Sentiment Analysis and Comprehensive Evaluation of Supervised Machine Learning Models Using Twitter Data on Russia-Ukraine War

SN Comput Sci. 2023;4(4):346. doi: 10.1007/s42979-023-01790-5. Epub 2023 Apr 21.

Abstract

The Russia-Ukrainian War refers to the ongoing hostilities between Russia and Ukraine. It was first focused on whether Crimea and the Donbass were formally recognised as being a part of Ukraine when Russia started it in February 2014. The conflict dramatically grew when Russia began its incursion of Ukraine on February 24, 2022, following a military build-up on the Russian-Ukrainian border that started in late 2021. Examining public perceptions of the crisis between Russia and Ukraine is the goal of this piece. These days, social media has taken on a significant role in communication, and as a result, opinions can be found on platforms like Facebook, Twitter, and Instagram.

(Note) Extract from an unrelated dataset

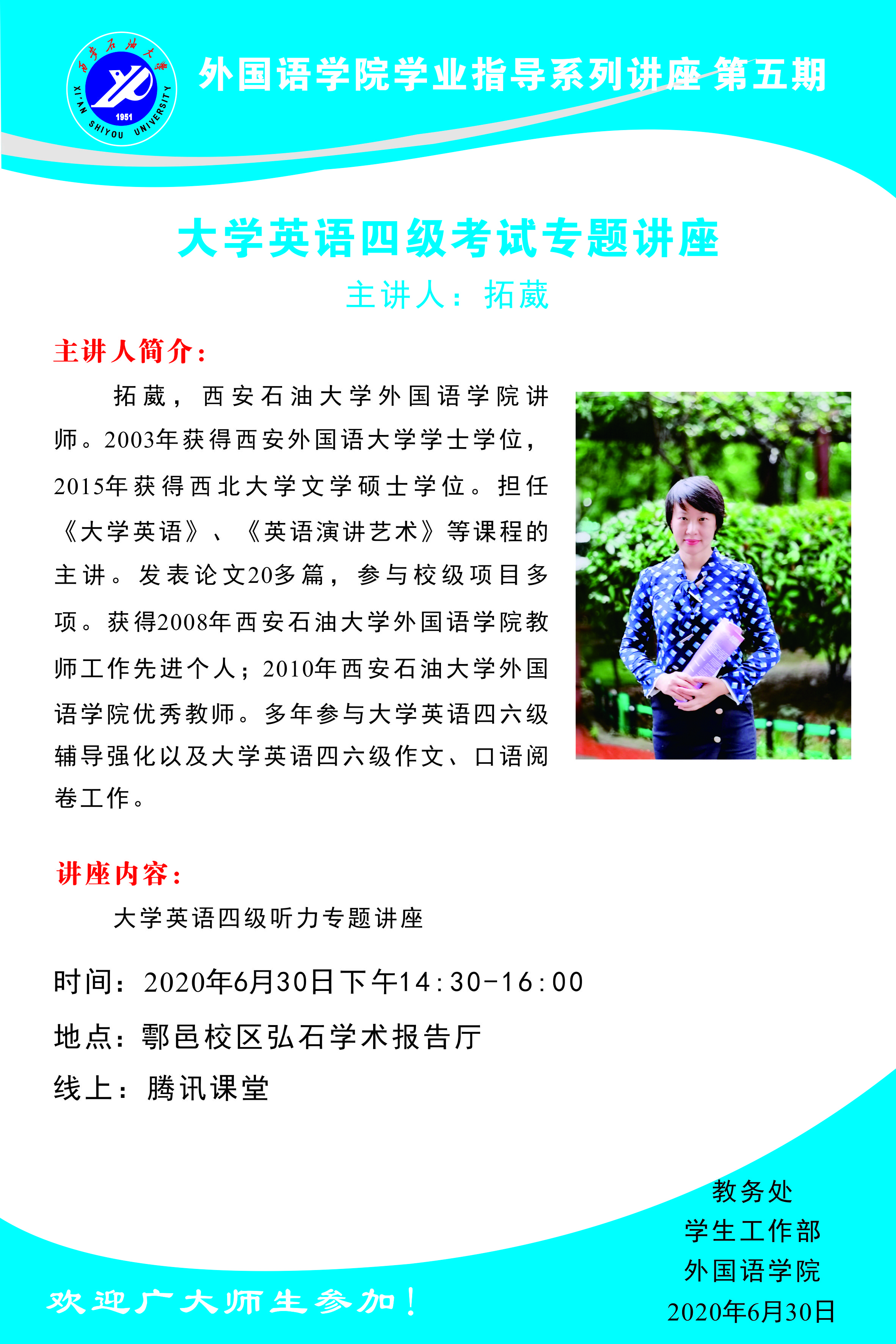 2. 大學(xué)英語四級(jí)聽力專題講座 主講人:拓葳老師

The study makes use of his 11,250 tweets about the war between Russia and Ukraine from his Twitter account. Techniques, including image processing, object identification, and natural language processing, have shown application, power, and potential for machine learning. The same applies to text analytics. For text analysis, sentiment analysis, and entity annotation, machine learning techniques are frequently employed. According to the applicability and efficacy of the machine learning model, natural language processing toolkit in python is utilised in to examine the textual polarity and subjectivity score of tweets. Moreover, because machine learning models have a high degree of classification accuracy, they have been widely utilised to categorise emotions. We have developed and test models using three feature extraction techniques: TF-IDF (term frequency-inverse document frequency), BoW (bag of words), and N-gram. Each model was assessed using a number of important performance indicators, including accuracy, precision, recall, and F1 score. Results show that the extra trees classifier (ETC) model achieves a highest accuracy of 0.84 in combination with the Bow property which is a measure to evaluate the efficacy of a machine learning algorithm. Logistic regression (LR), decision tree (DT), support vector machine (SVM), XGB, Gaussian naive base (GNB), ADA, and K-nearest neighbours (KNN) comparison have also been made.

Keywords: Feature engineering; Machine learning; Sentiment analysis; Supervised machine learning models; Text classification.